[Excerpted records Boundary: Start]

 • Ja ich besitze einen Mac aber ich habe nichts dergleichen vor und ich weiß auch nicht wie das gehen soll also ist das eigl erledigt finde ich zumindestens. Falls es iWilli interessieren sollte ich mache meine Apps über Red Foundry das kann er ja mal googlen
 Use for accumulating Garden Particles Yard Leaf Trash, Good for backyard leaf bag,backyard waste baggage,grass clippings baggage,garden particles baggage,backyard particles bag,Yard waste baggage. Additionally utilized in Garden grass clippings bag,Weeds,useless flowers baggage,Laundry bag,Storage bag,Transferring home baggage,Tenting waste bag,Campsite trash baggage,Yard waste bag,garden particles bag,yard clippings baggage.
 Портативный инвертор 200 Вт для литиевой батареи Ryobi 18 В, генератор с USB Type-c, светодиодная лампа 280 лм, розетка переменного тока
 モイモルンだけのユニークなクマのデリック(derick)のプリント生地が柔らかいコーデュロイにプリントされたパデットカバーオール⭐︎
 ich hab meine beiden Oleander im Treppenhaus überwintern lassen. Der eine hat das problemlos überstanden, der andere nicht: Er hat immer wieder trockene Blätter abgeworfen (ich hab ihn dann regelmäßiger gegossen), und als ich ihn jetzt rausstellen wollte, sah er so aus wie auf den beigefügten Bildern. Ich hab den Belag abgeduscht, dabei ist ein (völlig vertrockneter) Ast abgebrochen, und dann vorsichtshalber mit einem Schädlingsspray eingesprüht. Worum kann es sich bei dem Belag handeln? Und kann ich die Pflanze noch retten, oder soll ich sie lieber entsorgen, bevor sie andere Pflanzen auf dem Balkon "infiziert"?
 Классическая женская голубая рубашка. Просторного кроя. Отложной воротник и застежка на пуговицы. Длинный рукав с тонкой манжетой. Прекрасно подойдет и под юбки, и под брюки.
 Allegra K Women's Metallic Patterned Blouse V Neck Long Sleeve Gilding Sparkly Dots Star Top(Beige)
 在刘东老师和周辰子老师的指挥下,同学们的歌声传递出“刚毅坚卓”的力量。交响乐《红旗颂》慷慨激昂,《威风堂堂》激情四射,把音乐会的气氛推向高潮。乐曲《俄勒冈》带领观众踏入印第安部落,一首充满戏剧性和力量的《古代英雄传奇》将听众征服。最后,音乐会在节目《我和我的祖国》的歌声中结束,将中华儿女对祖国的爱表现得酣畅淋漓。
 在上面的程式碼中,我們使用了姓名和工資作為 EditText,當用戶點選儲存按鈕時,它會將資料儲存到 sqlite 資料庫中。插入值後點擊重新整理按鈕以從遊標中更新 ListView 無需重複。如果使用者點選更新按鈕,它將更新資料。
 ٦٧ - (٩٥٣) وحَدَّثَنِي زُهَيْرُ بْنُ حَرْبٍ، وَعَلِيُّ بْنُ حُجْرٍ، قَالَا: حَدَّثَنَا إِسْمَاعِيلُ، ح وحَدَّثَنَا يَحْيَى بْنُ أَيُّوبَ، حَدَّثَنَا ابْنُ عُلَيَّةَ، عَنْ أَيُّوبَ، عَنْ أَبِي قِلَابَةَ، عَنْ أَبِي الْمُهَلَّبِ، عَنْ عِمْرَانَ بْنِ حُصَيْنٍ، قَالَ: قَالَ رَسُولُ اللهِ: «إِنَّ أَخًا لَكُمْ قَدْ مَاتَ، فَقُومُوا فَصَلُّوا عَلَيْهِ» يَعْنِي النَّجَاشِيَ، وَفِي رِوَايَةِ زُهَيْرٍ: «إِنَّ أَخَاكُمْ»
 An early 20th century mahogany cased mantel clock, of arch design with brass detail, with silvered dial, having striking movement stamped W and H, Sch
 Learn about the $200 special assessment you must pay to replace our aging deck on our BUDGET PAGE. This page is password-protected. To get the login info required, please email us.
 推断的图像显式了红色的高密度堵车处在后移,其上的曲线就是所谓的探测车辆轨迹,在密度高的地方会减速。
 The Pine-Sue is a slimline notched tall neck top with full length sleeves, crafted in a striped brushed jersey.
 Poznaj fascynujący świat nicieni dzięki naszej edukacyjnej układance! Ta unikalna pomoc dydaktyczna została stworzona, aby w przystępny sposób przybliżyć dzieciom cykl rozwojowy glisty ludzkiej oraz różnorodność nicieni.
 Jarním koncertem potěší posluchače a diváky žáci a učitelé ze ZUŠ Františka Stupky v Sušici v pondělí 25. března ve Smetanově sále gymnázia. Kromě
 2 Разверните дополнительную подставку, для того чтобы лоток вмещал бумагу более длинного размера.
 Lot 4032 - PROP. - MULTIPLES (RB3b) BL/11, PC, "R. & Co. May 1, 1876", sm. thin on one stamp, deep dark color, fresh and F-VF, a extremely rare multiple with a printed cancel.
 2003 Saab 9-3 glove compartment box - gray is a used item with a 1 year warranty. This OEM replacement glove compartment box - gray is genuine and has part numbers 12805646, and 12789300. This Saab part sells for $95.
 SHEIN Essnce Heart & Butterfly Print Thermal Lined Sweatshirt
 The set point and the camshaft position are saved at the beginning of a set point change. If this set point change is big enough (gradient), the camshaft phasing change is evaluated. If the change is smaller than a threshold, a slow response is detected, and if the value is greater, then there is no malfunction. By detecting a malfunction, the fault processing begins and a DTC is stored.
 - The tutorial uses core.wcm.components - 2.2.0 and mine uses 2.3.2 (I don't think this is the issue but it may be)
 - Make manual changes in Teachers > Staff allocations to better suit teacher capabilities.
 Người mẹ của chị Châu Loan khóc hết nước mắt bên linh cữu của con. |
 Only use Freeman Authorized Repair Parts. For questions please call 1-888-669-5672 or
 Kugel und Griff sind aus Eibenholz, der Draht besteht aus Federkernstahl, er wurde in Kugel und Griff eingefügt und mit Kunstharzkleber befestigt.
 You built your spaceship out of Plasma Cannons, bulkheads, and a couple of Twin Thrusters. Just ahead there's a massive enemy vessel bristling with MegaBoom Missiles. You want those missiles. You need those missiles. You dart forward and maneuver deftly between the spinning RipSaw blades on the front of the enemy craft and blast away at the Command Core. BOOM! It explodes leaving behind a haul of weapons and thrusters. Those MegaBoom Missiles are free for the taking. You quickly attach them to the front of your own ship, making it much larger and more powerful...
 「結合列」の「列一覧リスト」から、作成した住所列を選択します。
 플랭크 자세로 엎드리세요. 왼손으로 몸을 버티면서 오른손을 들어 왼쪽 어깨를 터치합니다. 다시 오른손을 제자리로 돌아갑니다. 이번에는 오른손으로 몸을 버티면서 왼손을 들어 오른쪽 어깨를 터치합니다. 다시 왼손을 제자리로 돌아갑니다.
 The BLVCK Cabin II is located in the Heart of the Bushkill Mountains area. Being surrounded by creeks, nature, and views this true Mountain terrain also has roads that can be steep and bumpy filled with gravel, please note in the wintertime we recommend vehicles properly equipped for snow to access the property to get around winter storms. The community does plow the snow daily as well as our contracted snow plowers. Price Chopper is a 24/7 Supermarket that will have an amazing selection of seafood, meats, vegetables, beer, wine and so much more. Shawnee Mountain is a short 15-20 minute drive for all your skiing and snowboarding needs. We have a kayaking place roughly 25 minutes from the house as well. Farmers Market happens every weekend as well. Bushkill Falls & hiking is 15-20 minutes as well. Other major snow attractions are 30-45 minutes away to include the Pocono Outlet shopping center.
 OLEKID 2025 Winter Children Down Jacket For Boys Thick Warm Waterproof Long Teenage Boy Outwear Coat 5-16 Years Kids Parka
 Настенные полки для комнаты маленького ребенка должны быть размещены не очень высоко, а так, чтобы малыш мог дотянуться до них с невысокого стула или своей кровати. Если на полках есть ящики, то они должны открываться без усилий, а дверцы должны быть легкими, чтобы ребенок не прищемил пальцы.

[Excerpted records Boundary: End]

> Task item
Give back every line of the listing where the word "чтобы" shows up.

> Response area
 2 Разверните дополнительную подставку, для того чтобы лоток вмещал бумагу более длинного размера.
 Настенные полки для комнаты маленького ребенка должны быть размещены не очень высоко, а так, чтобы малыш мог дотянуться до них с невысокого стула или своей кровати. Если на полках есть ящики, то они должны открываться без усилий, а дверцы должны быть легкими, чтобы ребенок не прищемил пальцы.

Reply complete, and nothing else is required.